The challenge is that many businesses have no roadmap for dealing with these situations. Instead, they find themselves trying to negotiate the rules in the middle of a disagreement. That rarely ends well.

The difficult conversations nobody wants to have

When founders start a business, they will spend countless hours discussing branding, products, pricing and growth. Far fewer spend time discussing what happens if one of them wants to leave, stops contributing, becomes ill, or disagrees on a major decision. What if someone wants to sell their shares? What if one founder starts a competing business? What if an investor wants to buy the company and only one founder wants to proceed?

These conversations can feel uncomfortable. Ironically, avoiding them often creates the very disputes everyone hopes to avoid. That is why good lawyers raise them at the outset.

Why a shareholder agreement is really a business pre-nup

A sensible pre-nuptial agreement is not prepared because a couple expects to separate.
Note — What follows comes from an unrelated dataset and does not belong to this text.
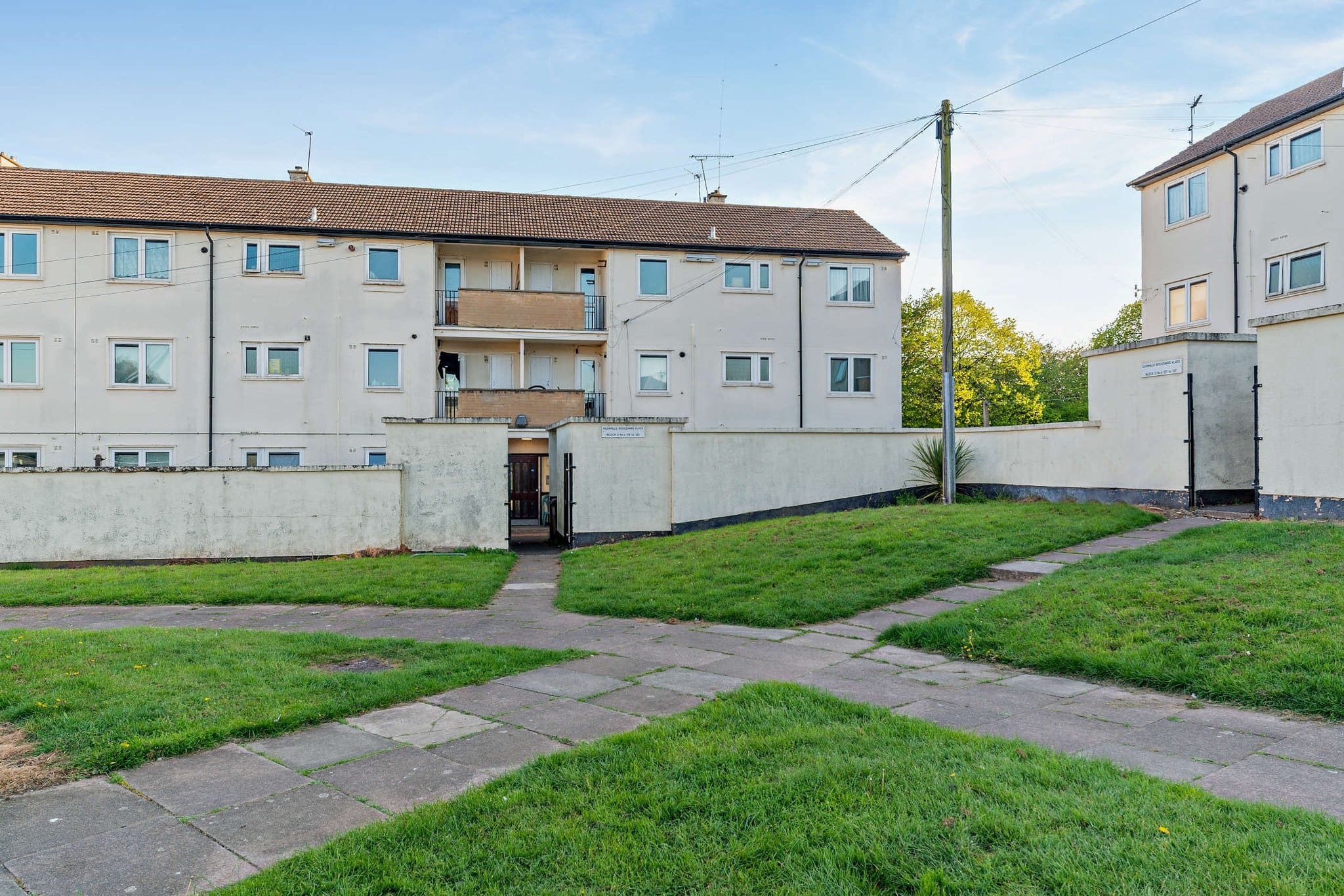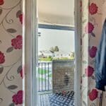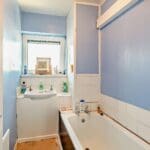 The interior of this top floor property, which requires modernisation throughout, comprises a spacious living room, fitted kitchen, two double bedrooms, and a family bathroom, with separate WC. The property further benefits from a private balcony, perfect for enjoying the summer months.

It exists because sensible people understand that circumstances can change. The same principle applies in business.

A properly drafted shareholder agreement creates clarity around decision-making, share transfers, founder exits, deadlock situations, valuation mechanisms, good and bad leaver provisions, protection of confidential information, restrictive covenants, and the future of the business if relationships deteriorate.

Its purpose is not to prepare for failure. Its purpose is to protect the business and preserve relationships when difficult situations arise.

Case study: the founder who checked out

I recently advised a business where two friends had built a successful company together. Over time, one shareholder gradually disengaged. For more than a year they contributed very little to the day-to-day operation while the other shareholder continued carrying the workload, responsibility and financial risk.

There was no shareholder agreement. No bad leaver provisions. No agreed valuation mechanism. No clear exit route. The departing shareholder demanded a full market valuation for their shares despite having contributed little to the business for a significant period. The remaining shareholder faced an unenviable choice: personally fund a buy-out, risk expensive litigation, or potentially close the business altogether.

Fortunately, we were able to negotiate a commercial settlement. However, much of the cost, stress and uncertainty could have been avoided had there been a properly drafted shareholder agreement with appropriate bad leaver provisions and a clear valuation mechanism.

Case study: the founder who became a competitor

In another matter, one founder established a competing business while remaining involved in the original company. Questions arose regarding clients, confidential information and competing interests. Allegations of breaches of fiduciary duties followed. Once again, there was very little documentation governing the relationship between the founders. No meaningful restrictions, no clear obligations on departure, no agreed framework dealing with competition after exit. The absence of documentation made it harder and more expensive to untangle.

When business and personal relationships collide

Some of the most challenging disputes I have encountered have involved not just business partners but husbands and wives. The paperwork can feel unnecessary when the owners are married. After all, what could possibly go wrong?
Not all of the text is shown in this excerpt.